■ DATA EXTRACTS
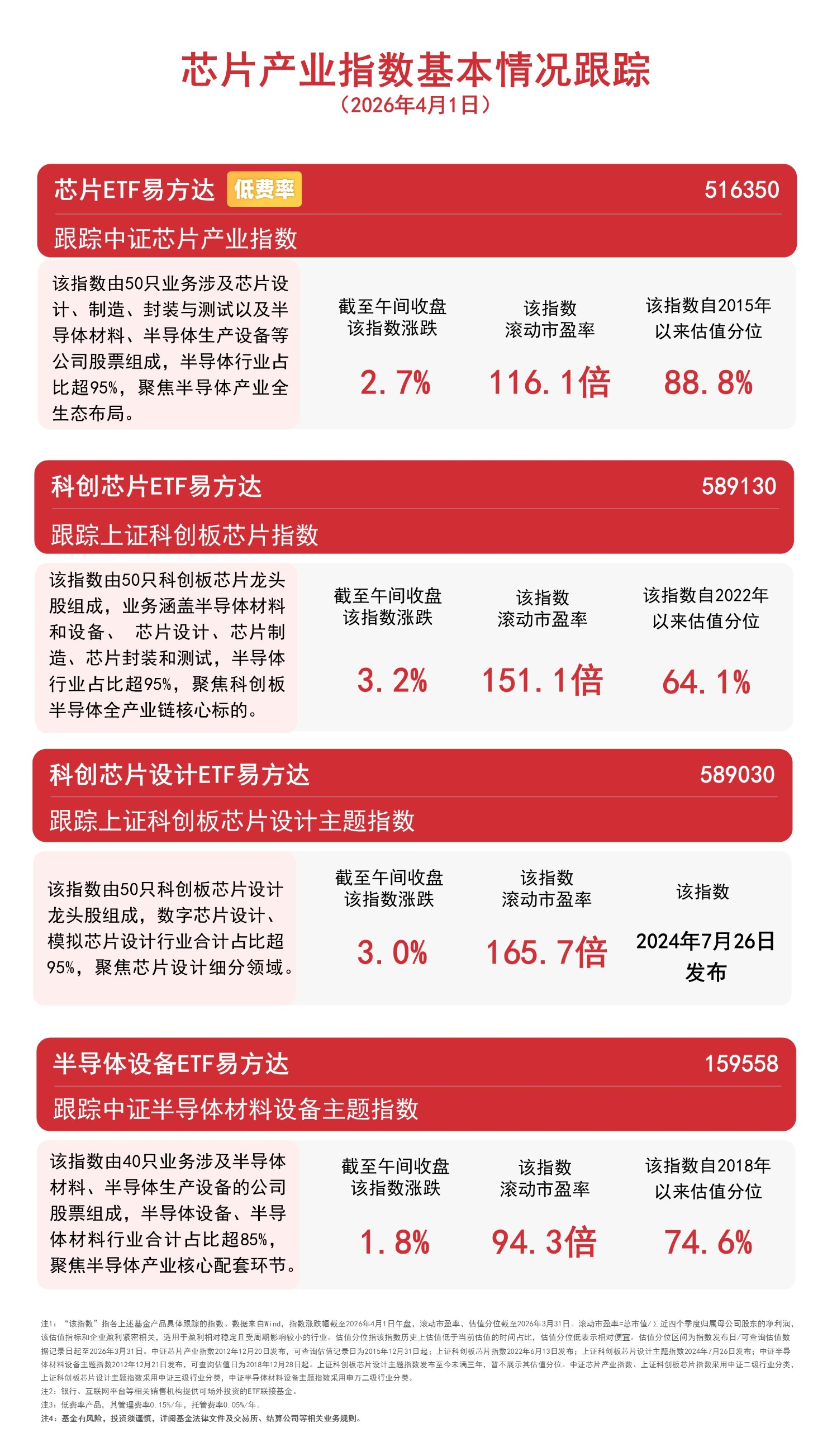 4月1日,半导体产业链股集体走强,截至午间收盘,芯原股份涨超9%,寒武纪、华虹公司、天岳先进涨超6%。指数方面,上证科创板芯片指数上涨3.2%,上证科创板芯片设计主题指数上涨3%,中证芯片产业指数上涨2.7%,中证半导体材料设备主题指数上涨1.8%。
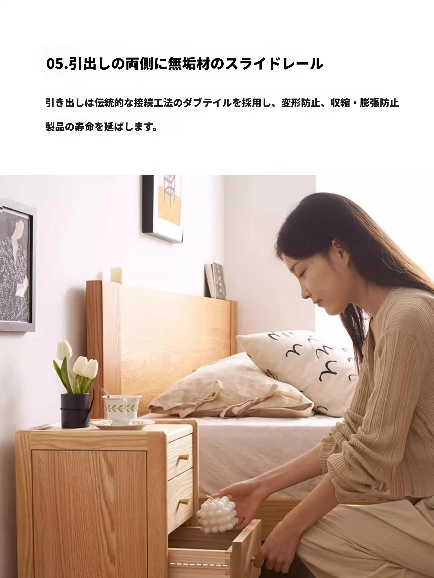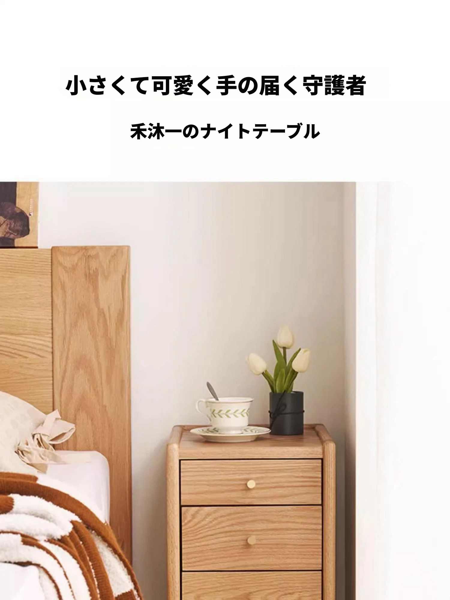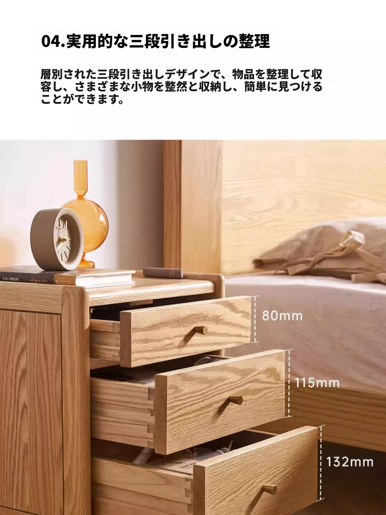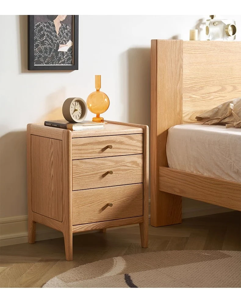 オリジナルエレメント無垢材ベッドサイドテーブル | スリムデザインのモダンナチュラル | オーク製収納引き出し3段 | スペースを有効活用!シンプルで洗練された寝室にぴったりのアイテムです。
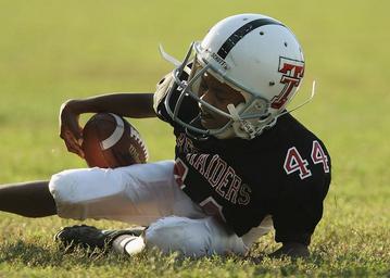 Keywords: football youth league fallen player ball game sport grass field kid play youth young sports outdoors child boy helmet uniform active autumn face mask ground competition texan
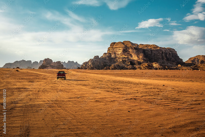 Desert safari - offroad vehicle in the UNESCO world heritage site Wadi Rum. Jordan
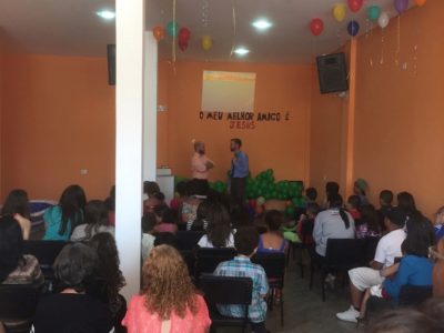 On the second Sunday of October, we celebrated Children’s Day here in Brazil, and it was by far the most exciting day of our young church’s short existence. What was most special to me as a pastor was watching these “baby” Christians get very involved in our church’s outreach plan for that day. We had a single mother who made candy bags, came up with a theme, prepared a bunch of decorations, and then spent several hours on Saturday getting everything set up. For most of the day that Saturday, we had a great group of young people that went out door knocking with us to promote the special day. With all of their hard work, and also with some great help from some dear friends from Nevada who were visiting during that week, we had over 40 attend our Spanish service and over 90 come to our Portuguese service that Sunday morning! There were many hands raised for salvation, many positive comments about the church, and a few families that have come back since that day that we are hopeful will begin to attend all weekly services faithfully. God is good! This is just a small bit of what your prayers and giving have produced here on our field. We are very grateful to you for allowing us to continue the work that God has given us to do.
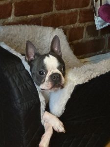Monkey is a 13 pound 2 year old miniature Boston Terrier. He is a little skiddish, and he howls at the top of his lungs when left alone.
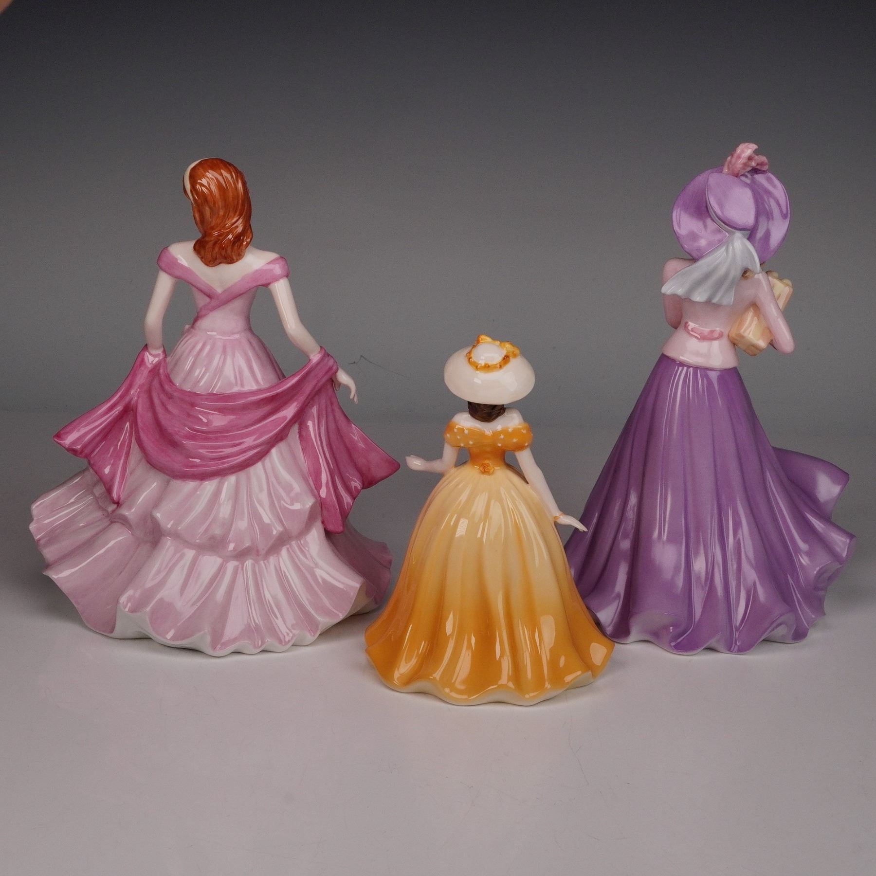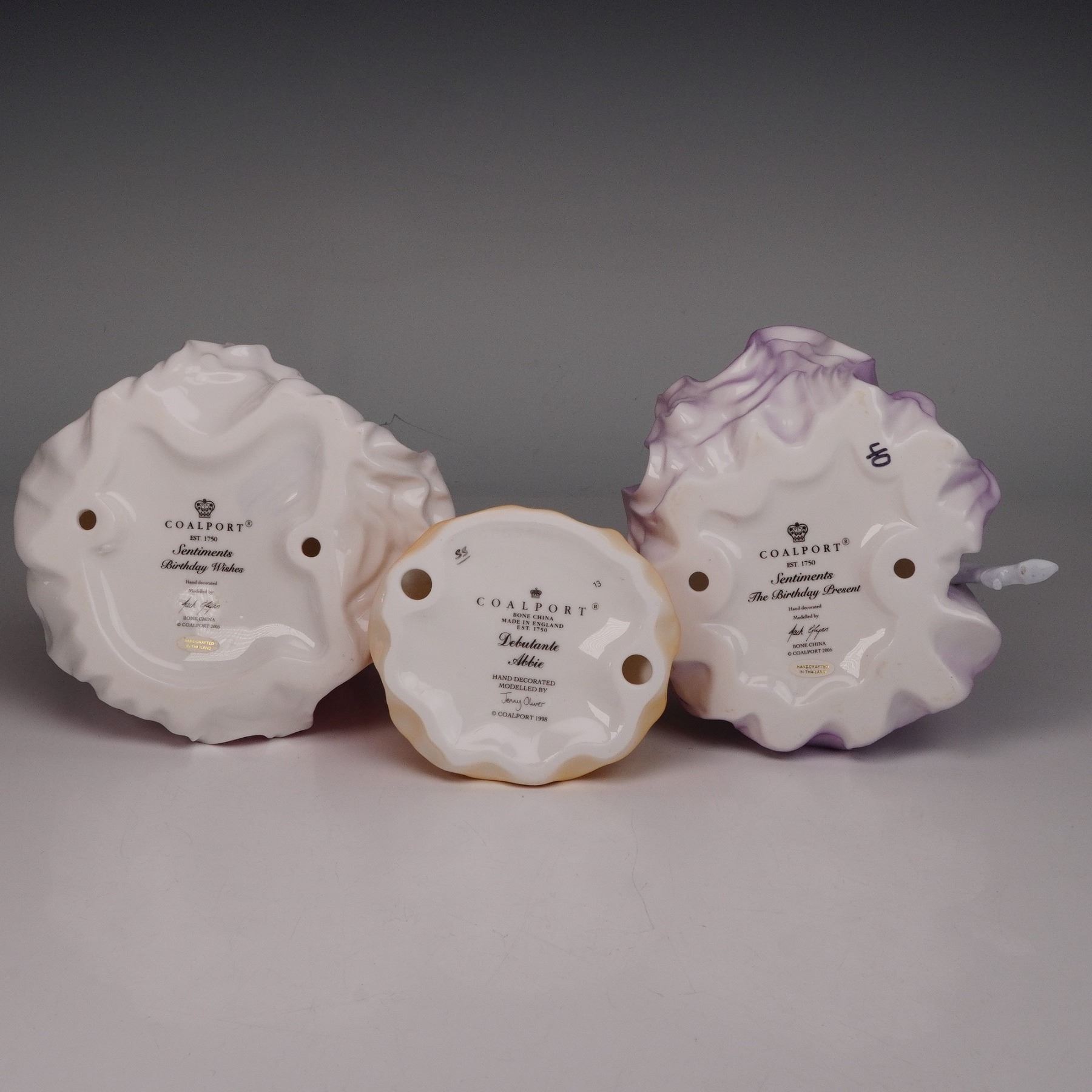 A group of three Coalport bone china figurines, each depicting a lady in an elaborate, romanticized period gown and hat. The figures are rendered in pink, orange, and lavender, displaying fine detail in their drapery and accessories, such as a purse or gift box. The pink figurine is titled "Sentiments Birthday Wishes", the orange "Debutante Abbie", and the lavender "Sentiments The Birthday Present". Their circular bases feature black backstamps reading "COALPORT EST. 1750, MADE IN ENGLAND", alongside their specific titles. All bases are marked with a signature, and dated 1998 and 2005.

■ WORK REQUEST
Please give the data again in full, exactly as written, but without any images.

■ WRITTEN SOLUTION
 4月1日,半导体产业链股集体走强,截至午间收盘,芯原股份涨超9%,寒武纪、华虹公司、天岳先进涨超6%。指数方面,上证科创板芯片指数上涨3.2%,上证科创板芯片设计主题指数上涨3%,中证芯片产业指数上涨2.7%,中证半导体材料设备主题指数上涨1.8%。
 オリジナルエレメント無垢材ベッドサイドテーブル | スリムデザインのモダンナチュラル | オーク製収納引き出し3段 | スペースを有効活用!シンプルで洗練された寝室にぴったりのアイテムです。
 Keywords: football youth league fallen player ball game sport grass field kid play youth young sports outdoors child boy helmet uniform active autumn face mask ground competition texan
 Desert safari - offroad vehicle in the UNESCO world heritage site Wadi Rum. Jordan
 On the second Sunday of October, we celebrated Children’s Day here in Brazil, and it was by far the most exciting day of our young church’s short existence. What was most special to me as a pastor was watching these “baby” Christians get very involved in our church’s outreach plan for that day. We had a single mother who made candy bags, came up with a theme, prepared a bunch of decorations, and then spent several hours on Saturday getting everything set up. For most of the day that Saturday, we had a great group of young people that went out door knocking with us to promote the special day. With all of their hard work, and also with some great help from some dear friends from Nevada who were visiting during that week, we had over 40 attend our Spanish service and over 90 come to our Portuguese service that Sunday morning! There were many hands raised for salvation, many positive comments about the church, and a few families that have come back since that day that we are hopeful will begin to attend all weekly services faithfully. God is good! This is just a small bit of what your prayers and giving have produced here on our field. We are very grateful to you for allowing us to continue the work that God has given us to do.
Monkey is a 13 pound 2 year old miniature Boston Terrier. He is a little skiddish, and he howls at the top of his lungs when left alone.
 A group of three Coalport bone china figurines, each depicting a lady in an elaborate, romanticized period gown and hat. The figures are rendered in pink, orange, and lavender, displaying fine detail in their drapery and accessories, such as a purse or gift box. The pink figurine is titled "Sentiments Birthday Wishes", the orange "Debutante Abbie", and the lavender "Sentiments The Birthday Present". Their circular bases feature black backstamps reading "COALPORT EST. 1750, MADE IN ENGLAND", alongside their specific titles. All bases are marked with a signature, and dated 1998 and 2005.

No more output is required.